Turgutlu, also known as Kasamba (Cassaba or Casaba) is a municipality and district of Manisa Province, Turkey Magnesia on the Maeander. Its area is 549 km^{2}, and its population is 175,401 (2022). Its elevation is 68 m.

The present name derives from the name of the Turkish clan of "Turghudlu" (also cited as "Turgut" or "Turgutoğlu"), recorded as having provided the main support to the Beylik of Karaman during their time of existence and mentioned in historical records as an important political entity as late as the 18th century Iran. Their settlement in Turgutlu region is thought to have taken place some time in the 15th century at the same time as the Ottoman unification of Anatolia which resulted in the demise of Karamanids. That nearby Manisa was the center where Ottoman shahzades (crown princes) received their education must have placed the clan once again in a non-negligible position in their relations this time with the Ottoman dynasty.

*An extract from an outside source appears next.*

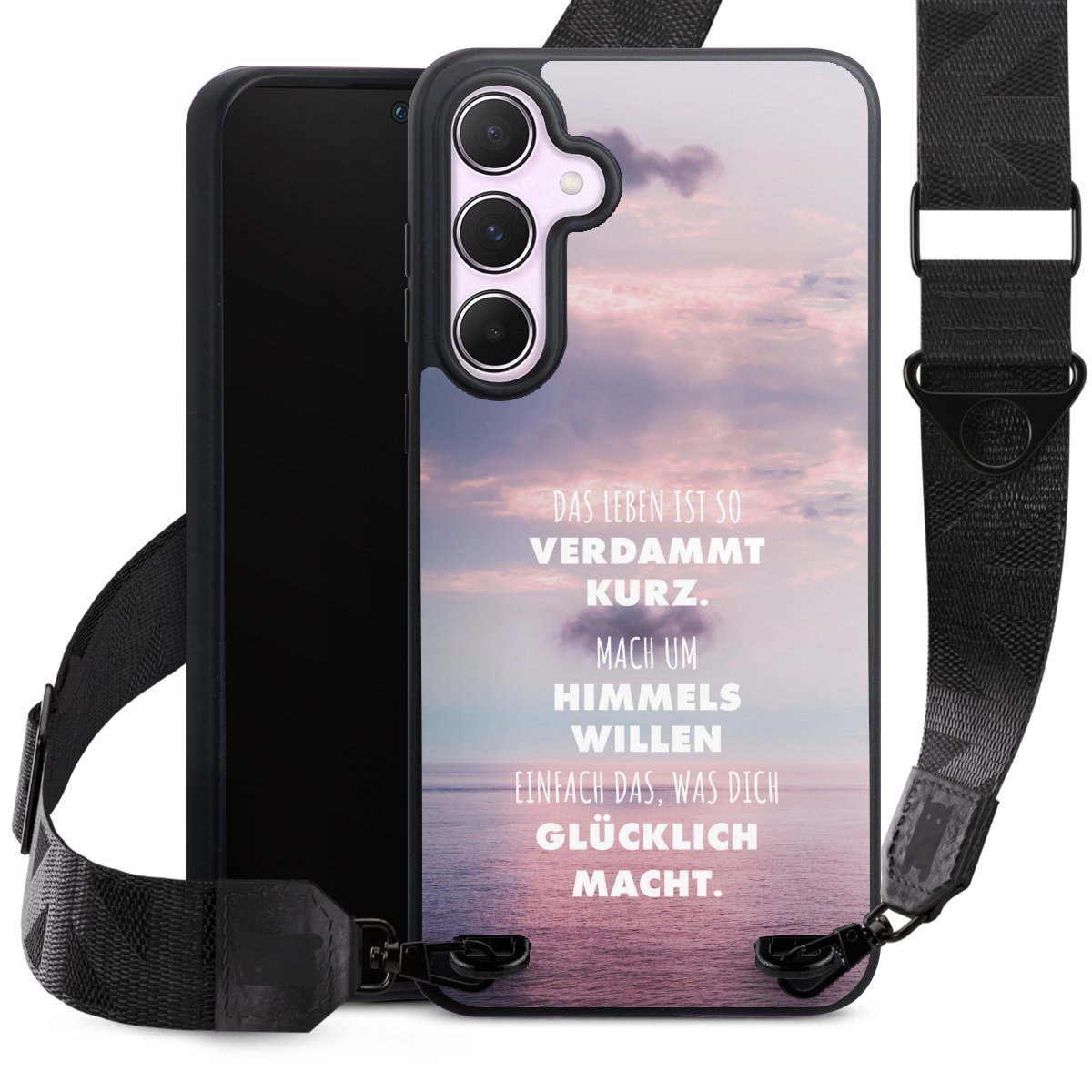 Gestalte Dein Case ganz nach Deinen Wünschen! Edles Creme oder lieber klassisches Schwarz? Du entscheidest, welche Farbe am besten zu Dir passt. Die dezenten Designs der Gurtbänder passen garantiert zu Deiner Hülle, egal mit welchem Lieblingsmotiv Du Dein Case bedrucken lässt.

The term Casaba for melons derived from the name of the city, an echo of its 18th-19th century Greek past when it was an important regional trade center and hub, located in the middle of a fertile alluvial plain and with access to outside markets through nearby İzmir.

==General features==
Turgutlu center is at a distance of 31 km to Manisa, to which it depends administratively, and at a distance of 50 km to the international portuary center of İzmir. Its closeness to these two metropolitan centers both of which have a deep and rooted history marked Turgutlu's destiny since its foundation in the 15th century. Today, the intense industrial activities in the even nearer İzmir district of Kemalpaşa also find considerable repercussions in Turgutlu, which itself has a reputation of being one of the prominent centers of soil industry in Turkey.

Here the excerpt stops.